Navan adds DACH and Nordic MICE capabilities

Diving deeper into

Navan

Company Report
The Comtravo and Resia acquisitions added high-touch MICE capabilities and invoicing technology for DACH and Nordic markets.
Analyzed 4 sources

These deals show that Navan expanded in Europe by buying local operating muscle, not just customer logos. Comtravo gave it the DACH playbook for handling regional rail, low cost carriers, VAT, and invoice workflows that matter to finance teams. Resia added an established meetings and events business in Scandinavia, so Navan could sell into companies that still need people to organize conferences, group travel, and congress logistics, alongside the core self serve booking product.

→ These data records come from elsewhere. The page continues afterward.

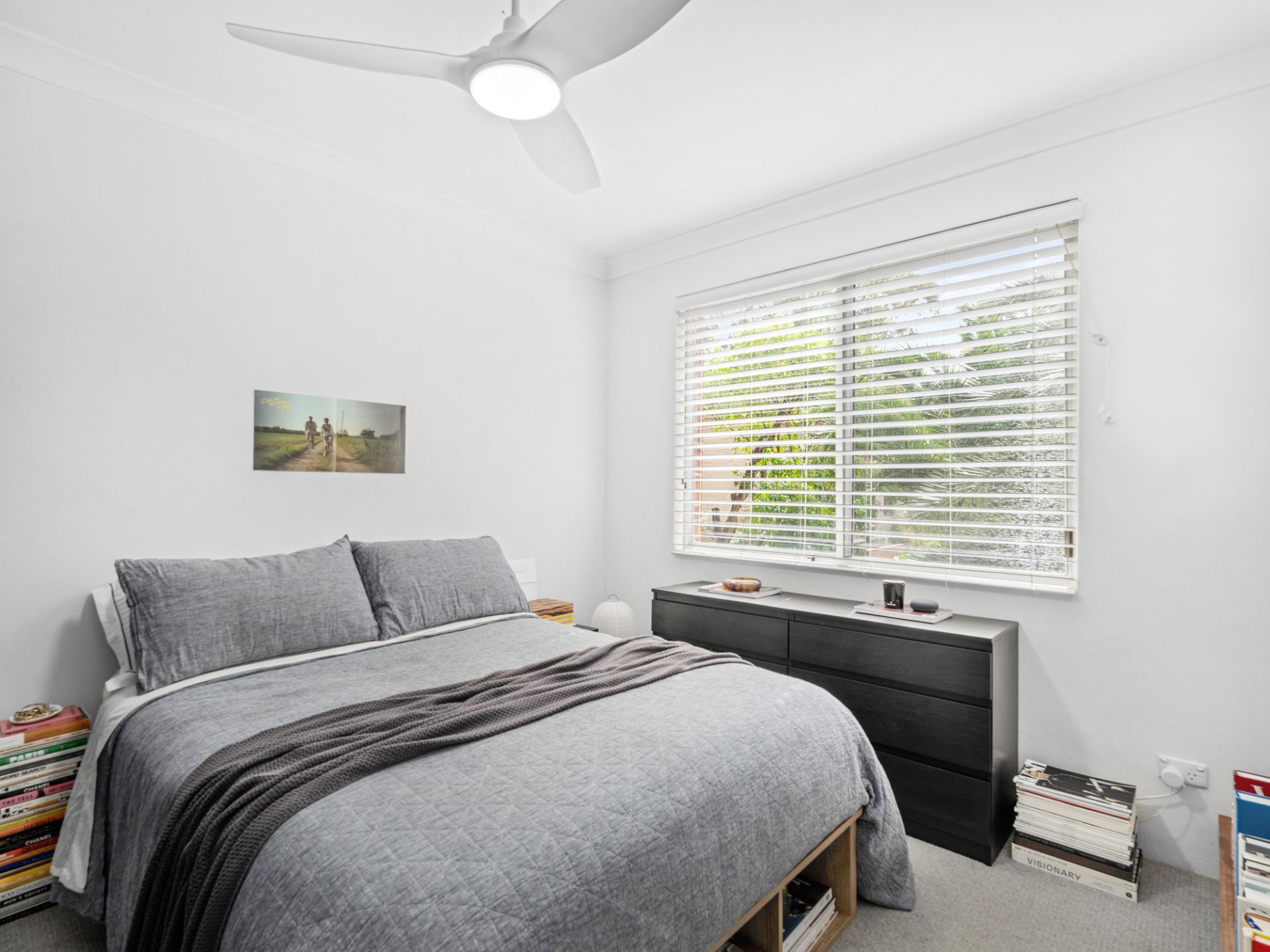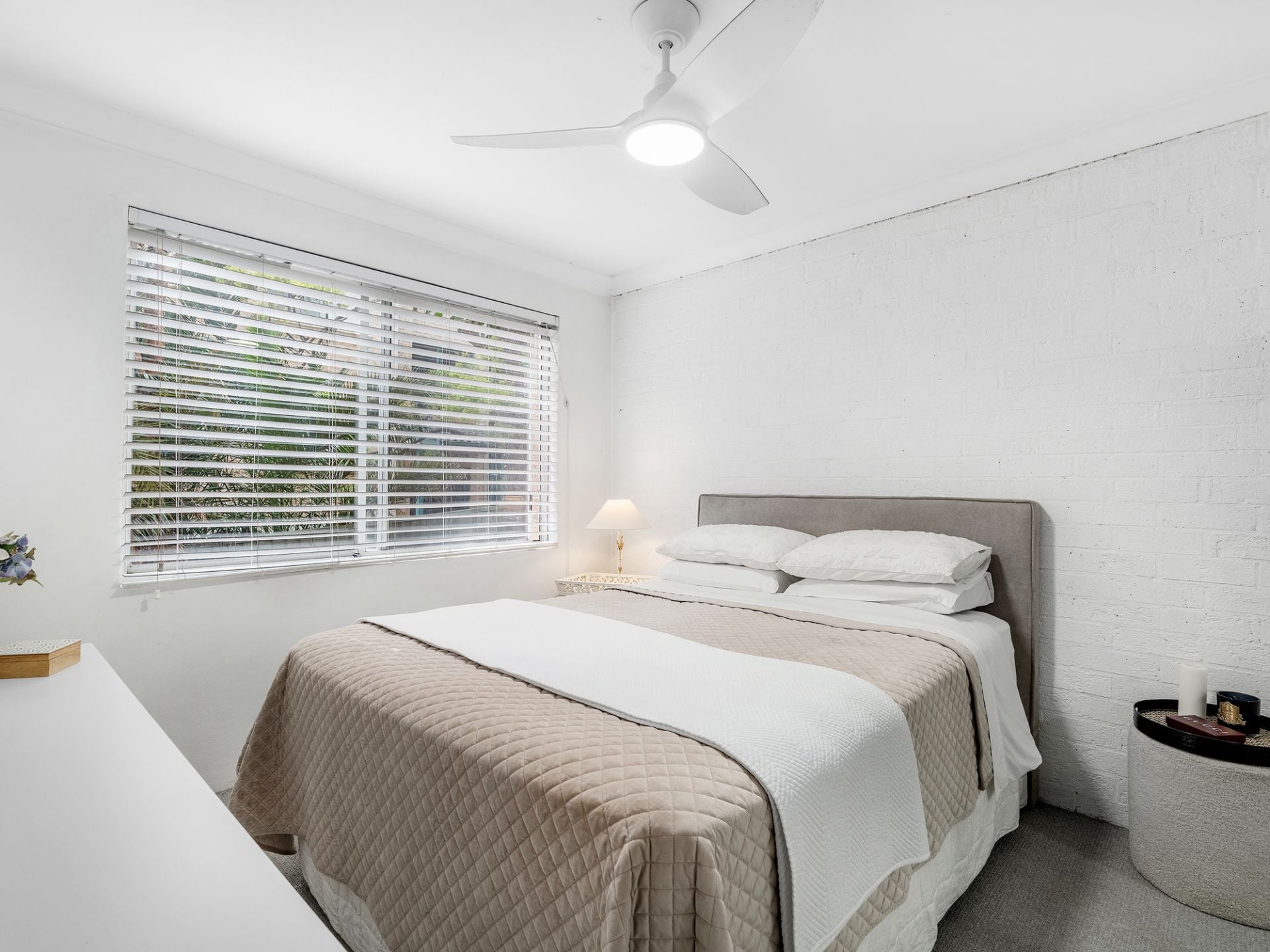 - Two spacious bedrooms with ceiling fans, built-in wardrobes in main.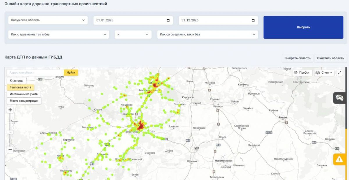 Что же касается Калуги, то здесь в 2025 году произошло 212 ДТП. К наиболее аварийным участкам города относились следующие места: пересечение улицы Гагарина и Академика Королева, пересечение улиц Плеханова и Дзержинского, развязка Гагаринского моста, пересечение тульского шоссе и улицы Генерала Попова. Также наибольшее количество аварий происходило чаще всего на улице Пушкина, Ленина, Московской и в районе арены КТЗ.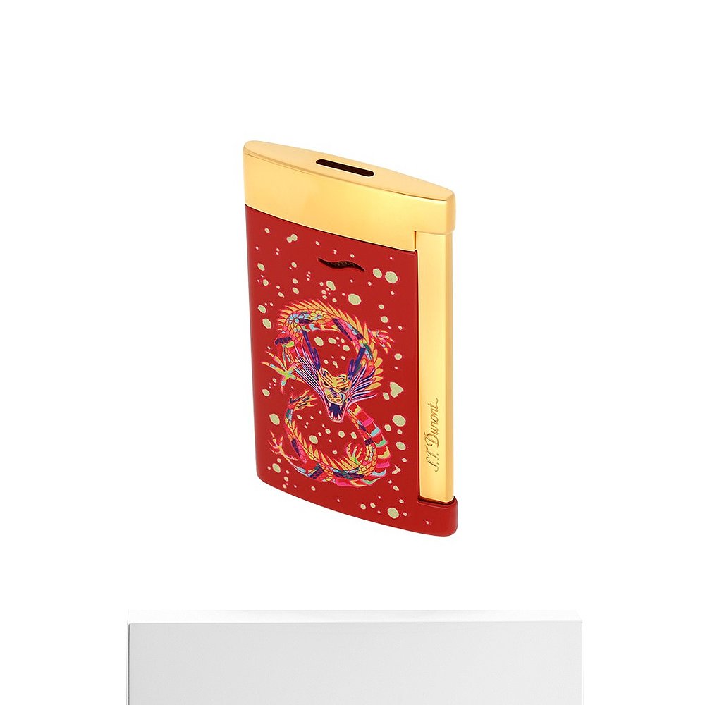 自营欧洲直邮S.T.Dupont法国都彭SLIM 7系列金色配亮红漆龙镀铬打

  • Comtravo was described as the market leader across DACH and Scandinavia, and brought domestic rail, low cost carrier supply, ancillary travel inventory, localized support, plus invoicing and VAT tools. In practice, that means Navan could book trips the way German finance and travel teams already buy them and bill them.
  • Resia contributed a high touch MICE operation where meetings and events made up more than a quarter of sales volume. That filled a gap for offsites, conferences, and multi person travel programs that are harder to run through a pure online booking flow.
  • The pattern matches Navan’s broader international rollout. Its India acquisition, Tripeur, likewise added local inventory and tax automation, showing that the company enters new markets by localizing payments, content, and service layers rather than forcing one US workflow everywhere.

Going forward, European expansion in corporate travel will keep favoring platforms that combine software with local service infrastructure. Navan now has a stronger base to win multinational accounts in DACH and the Nordics, because it can cover both everyday employee bookings and the messier edge cases, invoicing, tax, and events work that large regional customers still care about.